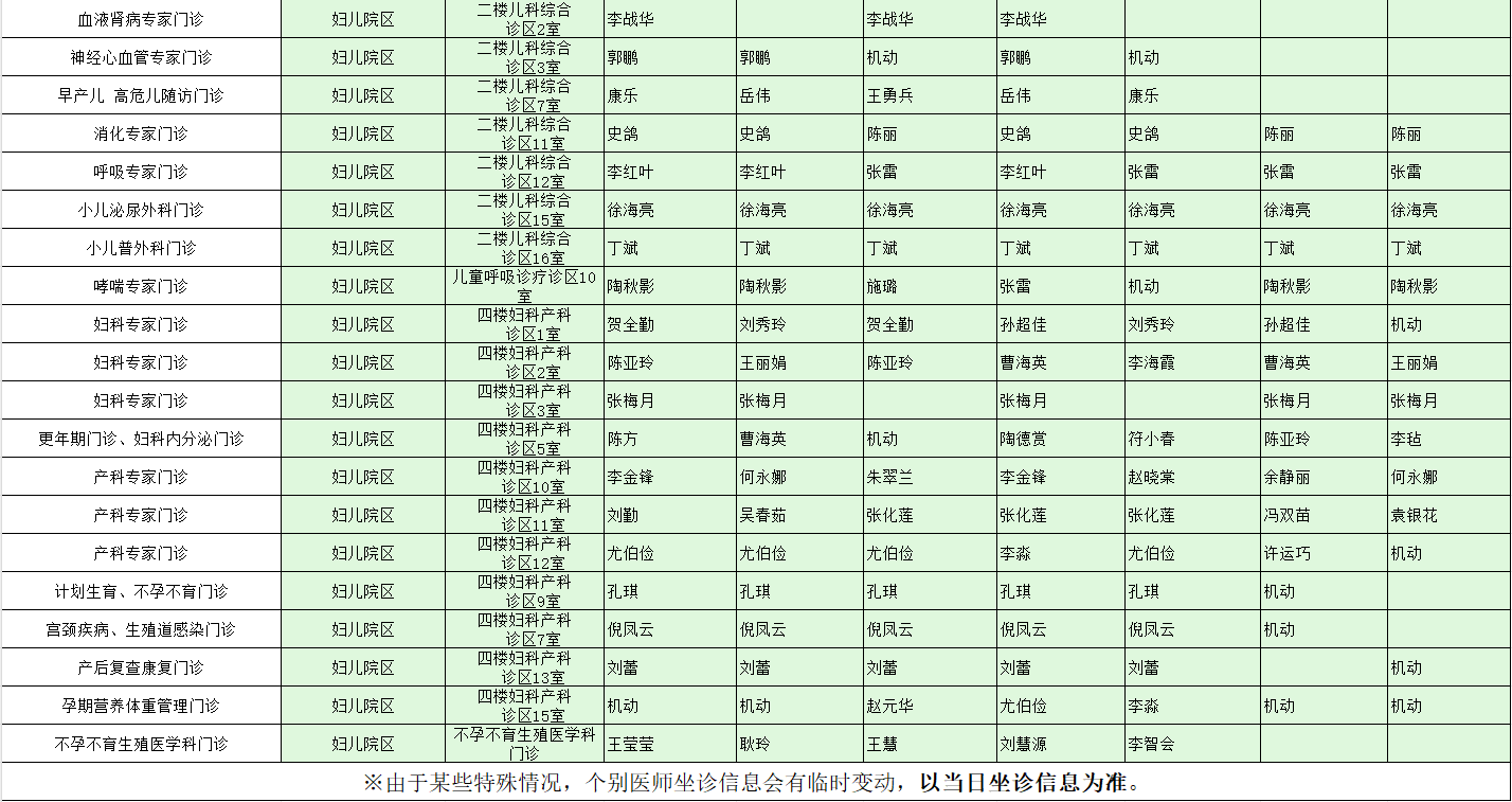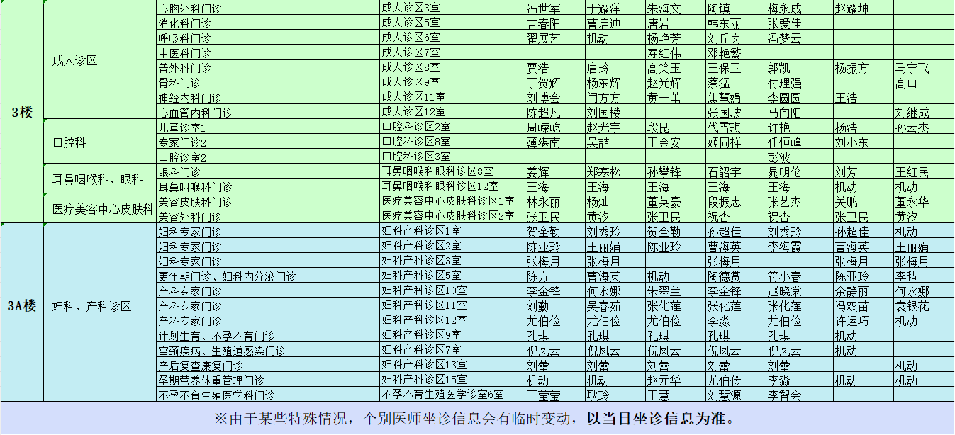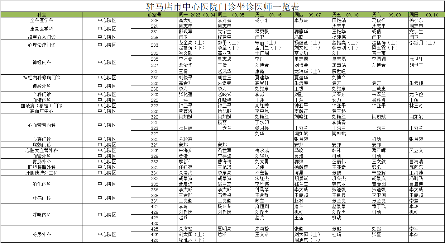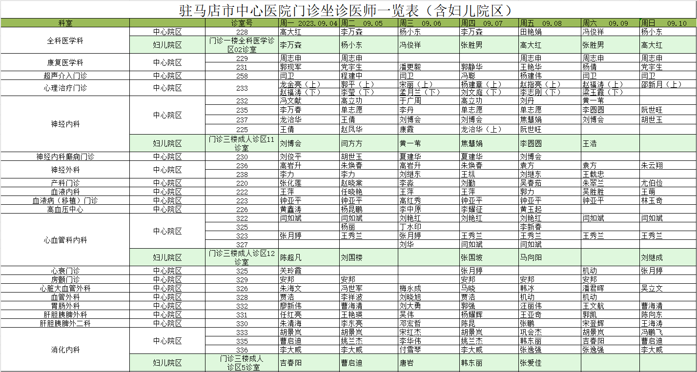 驻马店市中心医院门诊坐诊信息一览表(含妇儿院区)
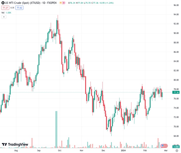 XTIUSD currently trading at 77.45 at the time of writing. Pair opened at 76.47 and is trading with a change of 1.28 % .
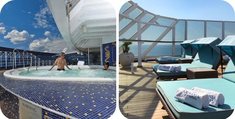 Op het zonnedek vind je een prachtig zwembad omringd door comfortabele ligstoelen. Ontspan in de jacuzzi's of geniet van een verfrissend drankje bij de Waves Bar. De serene omgeving nodigt uit tot pure ontspanning.
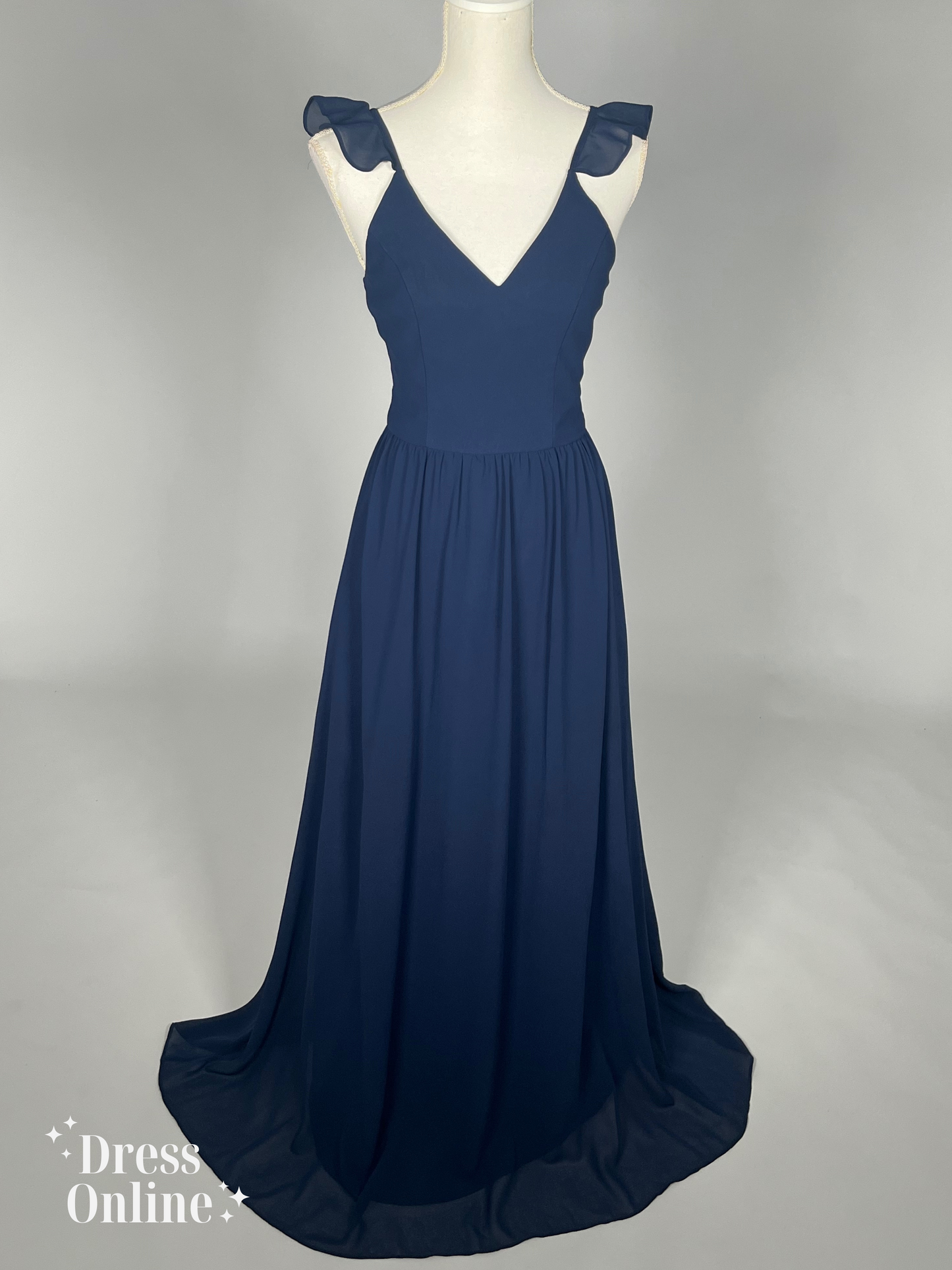 De rok valt soepel en elegant naar beneden in een vloeiende A-lijn, gemaakt van hoogwaardige chiffonstof die gracieus beweegt met elke stap die je zet. Deze jurk is de perfecte keuze voor formele evenementen waar je een blijvende indruk wilt maken.
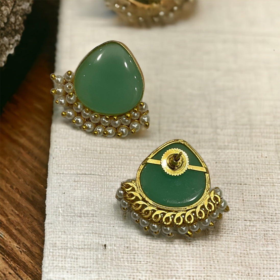 - Elegant & Trendy: Mint green stone framed by delicate pearl accents—eye-catching yet refined
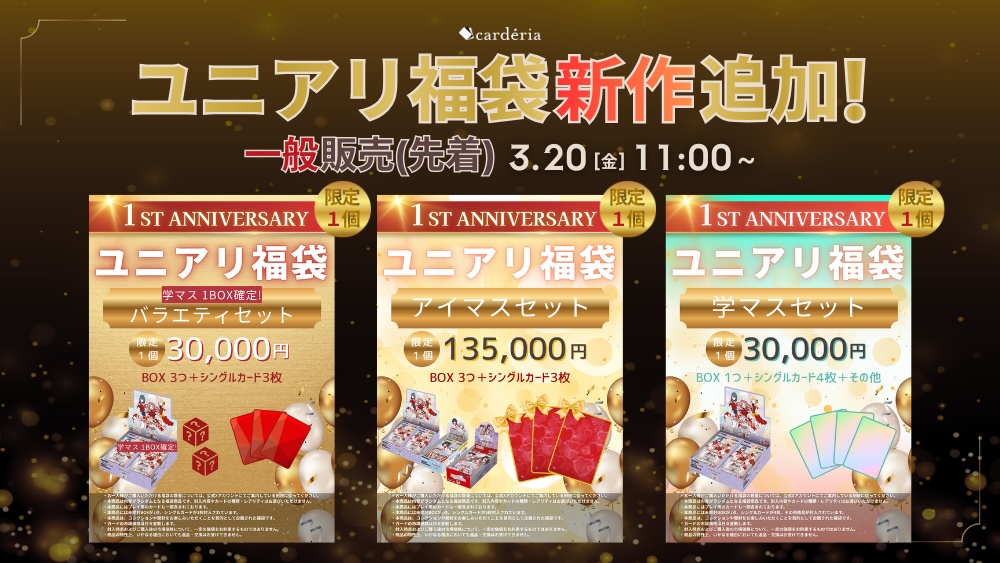 アクセルマーク株式会社(本社:東京都中野区、代表取締役社長:松川裕史、証券コード:3624)が運営するトレーディングカード専門店「cardéria™(カーデリア)池袋店」は、抽選販売で高い反響があった1周年記念福袋について、数量限定で一般販売(先着)を2026年3月20日より実施するとともに、新たにユニオンアリーナの新作福袋を同日より展開いたします。
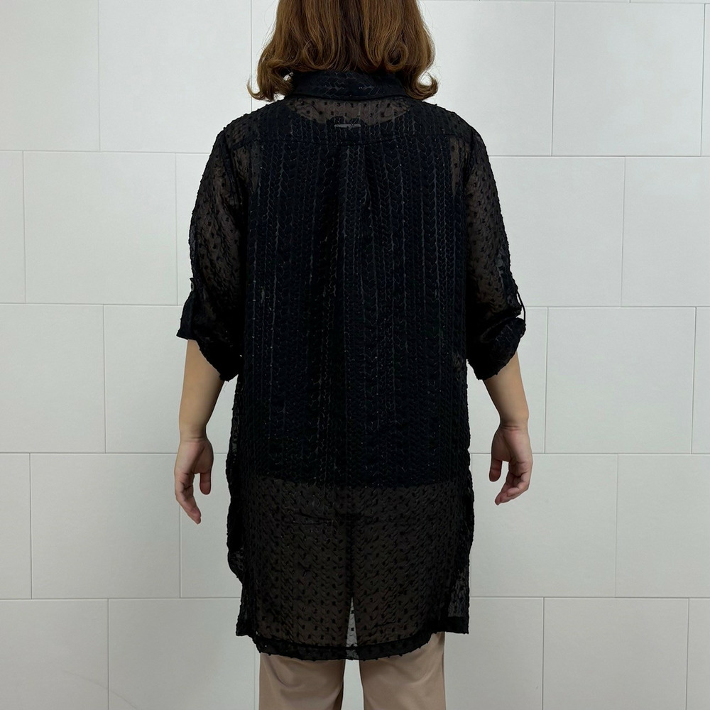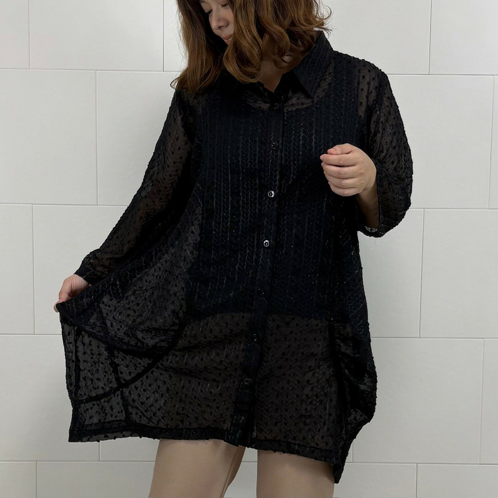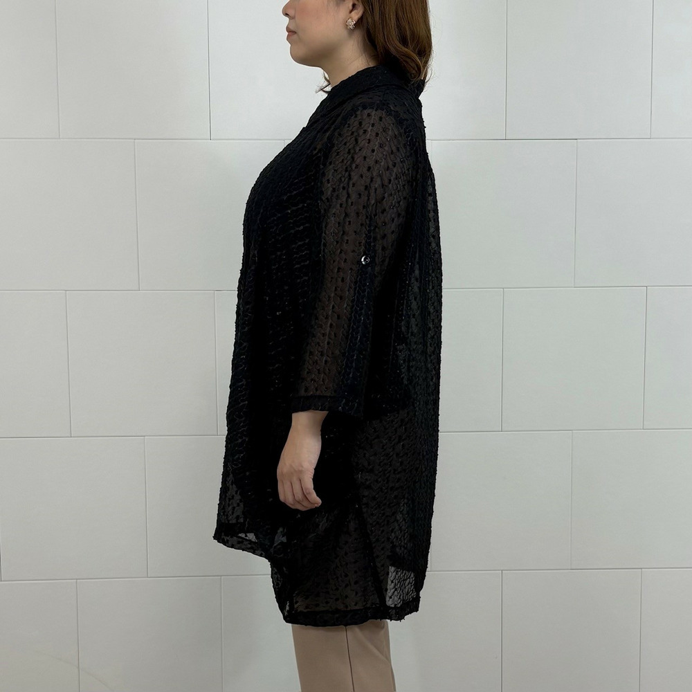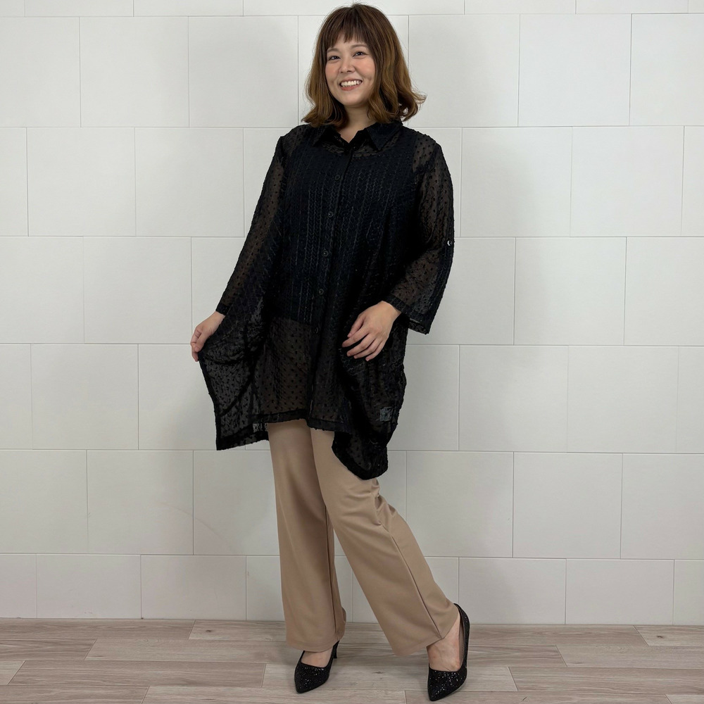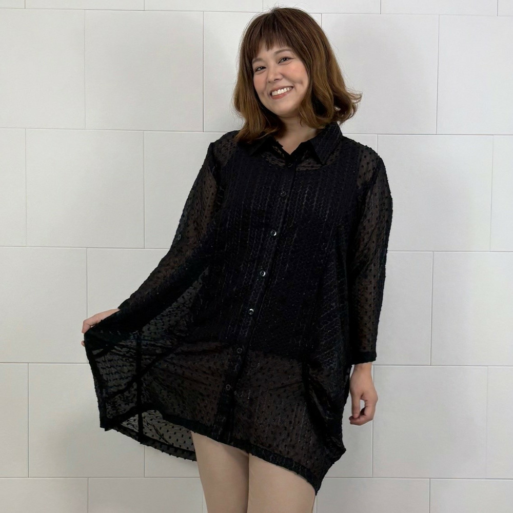 程よい透け感が大人の甘さをプラスし、抜け感と品のよさを兼ね備えた大きいサイズ対応シアーシャツチュニック。
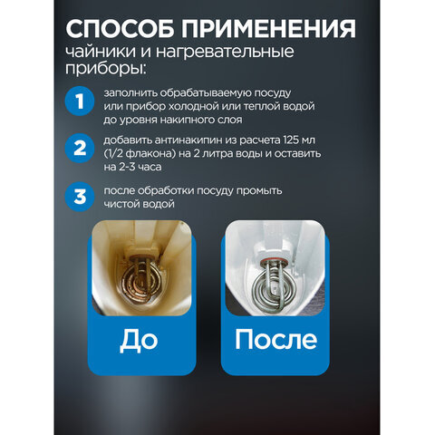 Средство для удаления накипи в чайниках, кофеварках, паровых утюгах, стиральных машинах и других водонагревательных приборах, кроме эмалированных. Одного флакона средства достаточно для обработки двух чайников обычной емкости. Не требует кипячения.
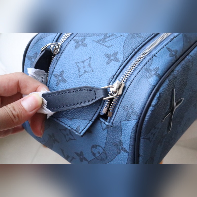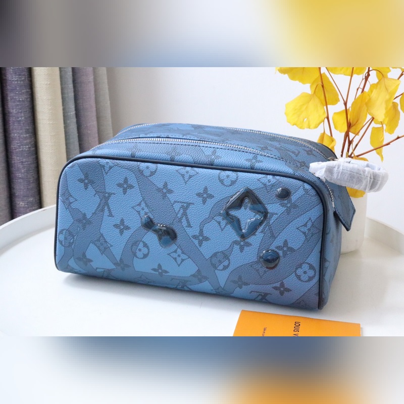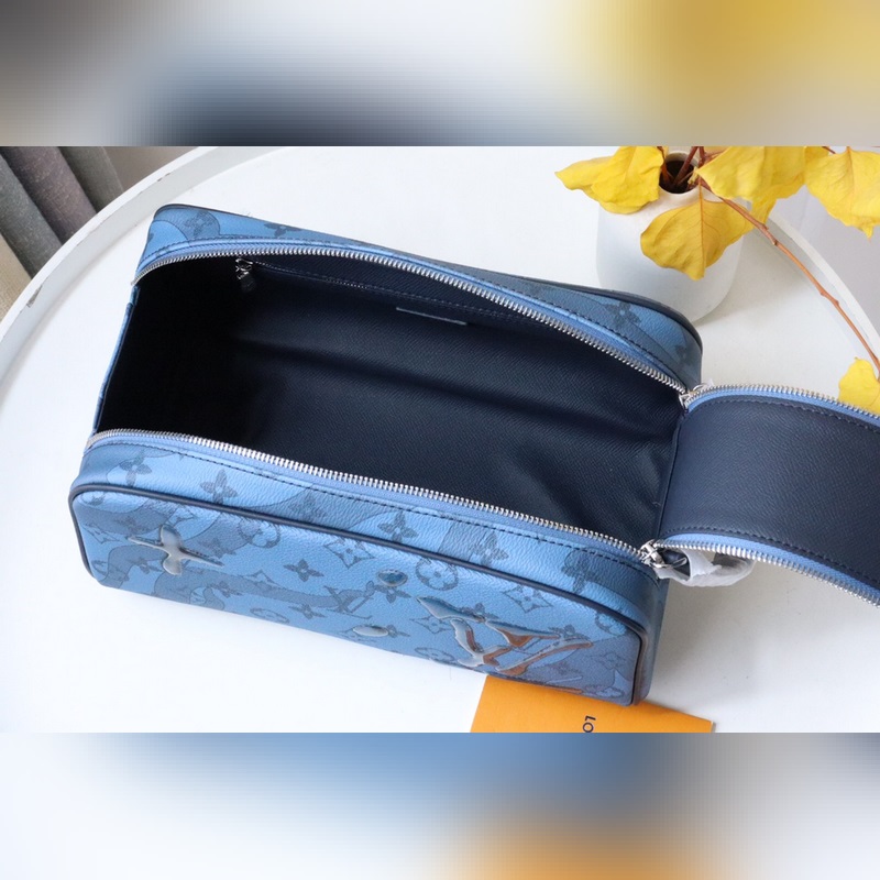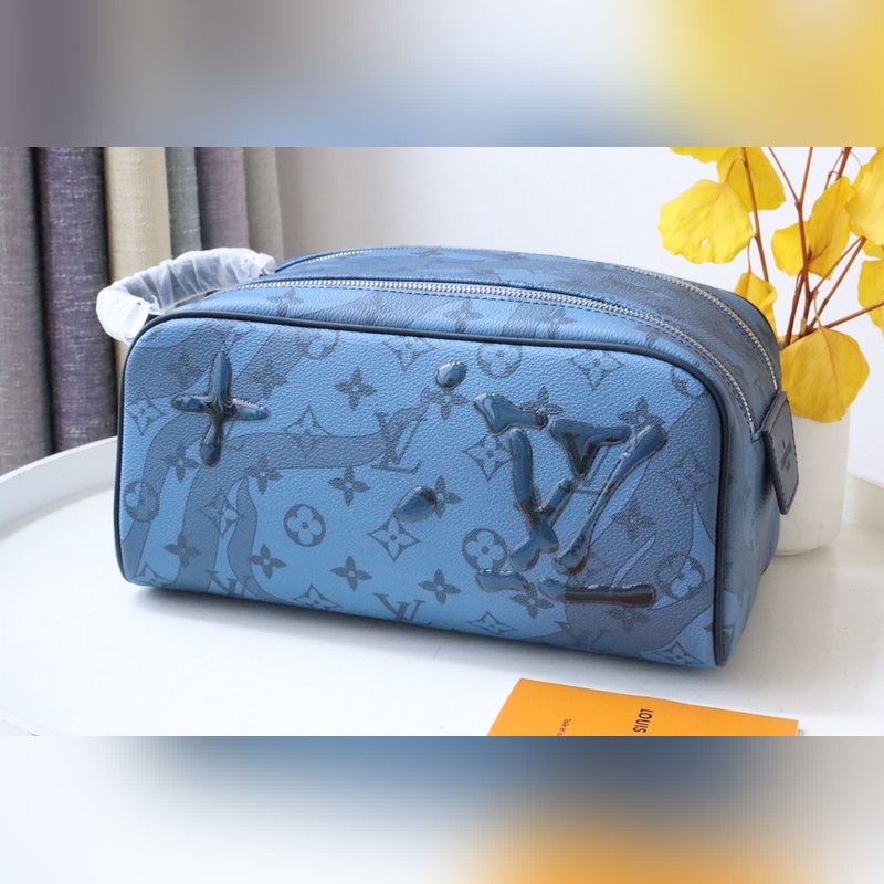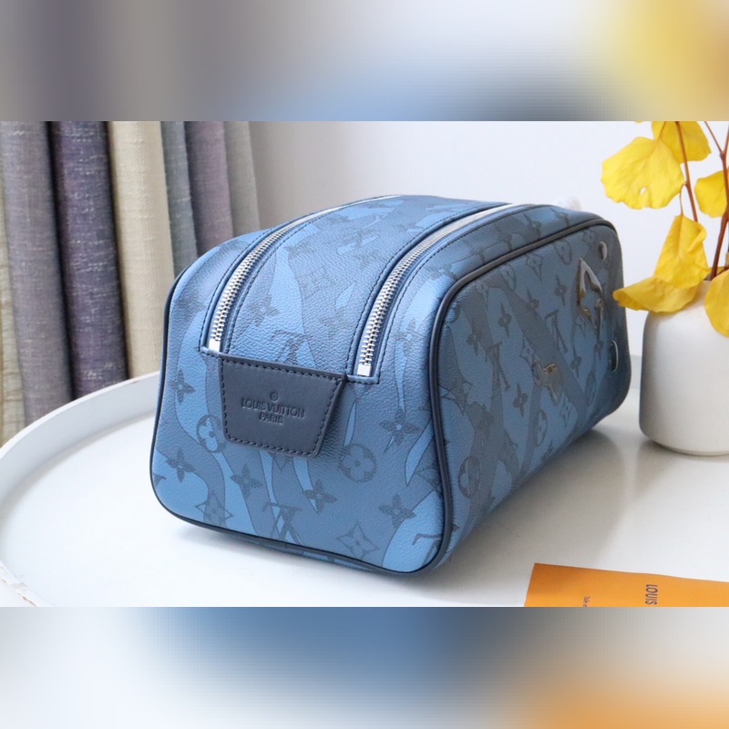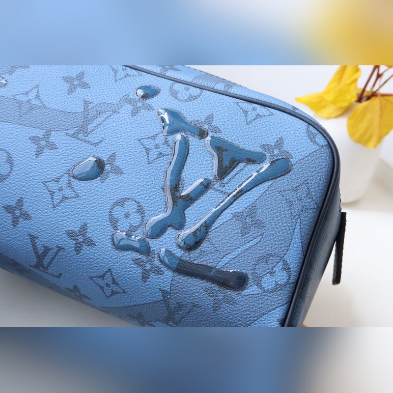 Dopp Kit toiletry bag M82337 Water Drops This Dopp Kit toiletry bag is made of Monogram Aquagarden canvas, with a three-dimensional water drop effect to reinterpret the LV letters and Monogram flowers, as if splashed on the Monogram pattern and seaweed print. Double zipper for secure storage, with washable lining.

+ + + +

Exactly as they stand, write the lines from the one holding "XTIUSD currently trading" to the end of the material, both ends included. Do not copy the pictures.

 XTIUSD currently trading at 77.45 at the time of writing. Pair opened at 76.47 and is trading with a change of 1.28 % .
 Op het zonnedek vind je een prachtig zwembad omringd door comfortabele ligstoelen. Ontspan in de jacuzzi's of geniet van een verfrissend drankje bij de Waves Bar. De serene omgeving nodigt uit tot pure ontspanning.
 De rok valt soepel en elegant naar beneden in een vloeiende A-lijn, gemaakt van hoogwaardige chiffonstof die gracieus beweegt met elke stap die je zet. Deze jurk is de perfecte keuze voor formele evenementen waar je een blijvende indruk wilt maken.
 - Elegant & Trendy: Mint green stone framed by delicate pearl accents—eye-catching yet refined
 アクセルマーク株式会社(本社:東京都中野区、代表取締役社長:松川裕史、証券コード:3624)が運営するトレーディングカード専門店「cardéria™(カーデリア)池袋店」は、抽選販売で高い反響があった1周年記念福袋について、数量限定で一般販売(先着)を2026年3月20日より実施するとともに、新たにユニオンアリーナの新作福袋を同日より展開いたします。
 程よい透け感が大人の甘さをプラスし、抜け感と品のよさを兼ね備えた大きいサイズ対応シアーシャツチュニック。
 Средство для удаления накипи в чайниках, кофеварках, паровых утюгах, стиральных машинах и других водонагревательных приборах, кроме эмалированных. Одного флакона средства достаточно для обработки двух чайников обычной емкости. Не требует кипячения.
 Dopp Kit toiletry bag M82337 Water Drops This Dopp Kit toiletry bag is made of Monogram Aquagarden canvas, with a three-dimensional water drop effect to reinterpret the LV letters and Monogram flowers, as if splashed on the Monogram pattern and seaweed print. Double zipper for secure storage, with washable lining.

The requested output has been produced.